Sanofi will acquire diabetes leader Provention Bio for $25 per share for a total of $2.9 billion, the companies announced Monday.
Photo of a Sanofi building/courtesy of Pat Greenhouse/The Boston Globe via Getty Images
Sanofi will acquire diabetes leader Provention Bio for $25 per share, adding up to a total of $2.9 billion, the companies announced Monday.
The buyout will give Sanofi rights over Tzield (teplizumab-mzwv), Provention’s diabetes delay drug. The FDA approved Tzield in November 2022 to slow the onset of stage 3 Type 1 diabetes (T1D), making it the first-ever disease-modifying treatment to delay disease progression.
Tzield is indicated for adult patients and children 8 years and older.
Provention’s stock soared 262% in premarket trading Monday. Sanofi shares were minimally affected, with the French company trading 0.30% higher premarket.
“We believe the commercial opportunity of TZIELD, in [the] delay onset indication is on its own a meaningful opportunity,” Olivier Charmeil, executive vice president, General Medicines, Sanofi, told BioSpace in an email.
The companies expect to close the buyout in the second quarter of 2023, after which a Sanofi subsidiary will merge with Provention. Sanofi plans to fund the acquisition with cash resources.
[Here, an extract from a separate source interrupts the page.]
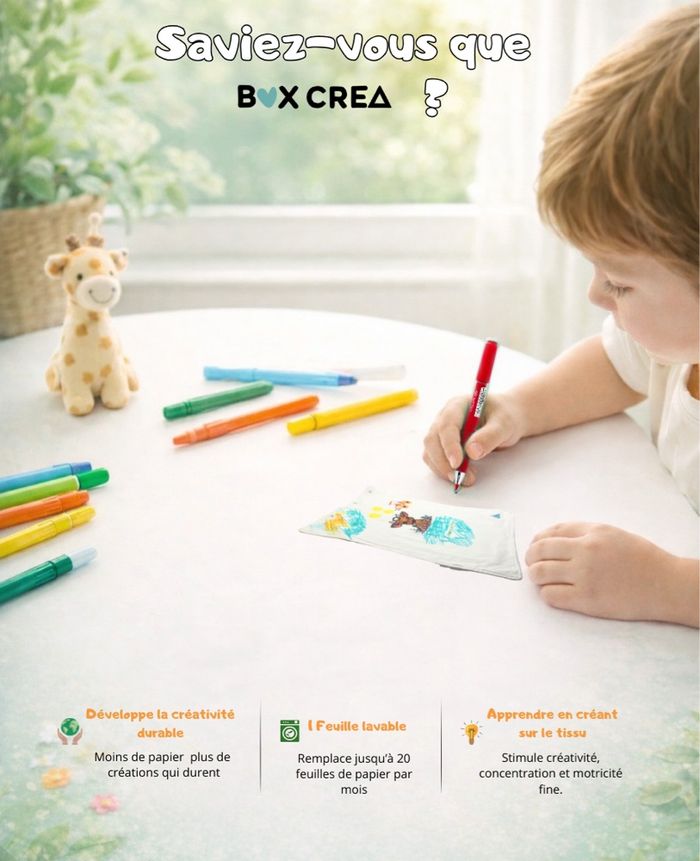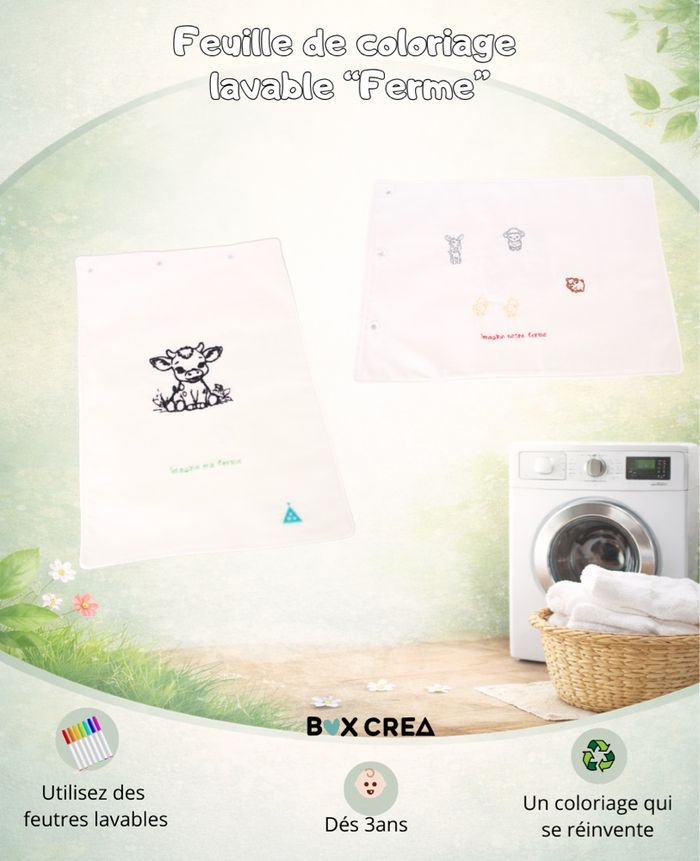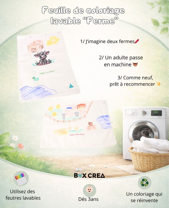 Coloriez, lavez et recommencez… sans jamais jeter 🌿 Une activité créative et durable dès 3 ans qui transforme le coloriage en jeu infini. Idéale pour développer motricité fine, imagination et créativité, seule ou pour compléter les box BoxCréa. ⸻ ✨ Ce qui la rend unique • 🐮 Animaux de la ferme à colorier : inventez des histoires et donnez vie à votre univers • 🌾 Décor de ferme brodé : observez, cherchez et continuez le dessin • 🧵 Broderies en relief : aident à ne pas dépasser et développent précision et motricité fine • 🖊️ Compatible avec feutres lavables et les cahiers BoxCréa • 📲 QR code inclus : accès à la notice complète et aux idées créatives ⏱ Environ 1 à 2h d’activité, à refaire encore et encore. ⸻ 🌱 Durable et réutilisable • Lavable en machine à 30 °C • Réutilisable à l’infini • Alternative responsable aux cahiers de coloriage papier

Sanofi and Provention already have an existing partnership for Tzield. In October, a month before the FDA’s approval, the companies inked a co-promotion deal to support the product’s launch. The agreement gave Sanofi an “exclusive right of first negotiation” to potentially in-license Tzield worldwide, a company spokesperson told BioSpace at the time.
Tzield is a monoclonal antibody that targets the CD3 protein, which is found on the surface of the specific T-cell subsets involved in destroying pancreatic β cells, a pathologic hallmark of T1D. Tzield’s approval was based on the TN-10 study, which showed the medicine reduced the risk of progression to stage 3 disease by nearly 60%.
Provention is currently running the Phase III PROTECT trial, testing Tzield in kids and teens with newly diagnosed T1D. Data from this study are expected in the second half of 2023.
Complementary Expertise
For Sanofi, Monday’s acquisition of Provention sits “right at the intersection between our expertise in diabetes and growth in immune-mediated diseases and disease modifying therapies in areas of high unmet need,” Charmeil said.
Sanofi owns diabetes drugs Lantus (insulin glargine) and Toujeo (insulin glargine), which in 2022 made the company around $2.4 billion and $1.2 billion, respectively. In 2019, however, the company announced it was abandoning research in this therapeutic space in favor of hotter areas like cancer, rare diseases and neurology.
Recent pressure from U.S. lawmakers could put a dent in Sanofi’s diabetes drug revenues. The Provention acquisition might help Sanofi prepare for the impending drop in insulin prices and remain an industry leader in diabetes.
The buyout will also involve Provention’s assets in development, which are focused on autoimmune pathways. These include PRV-3279, which is being trialed for systemic lupus erythematosus and for the prevention of immunogenicity in gene therapies, as well as ordesekimab, being assessed for celiac disease.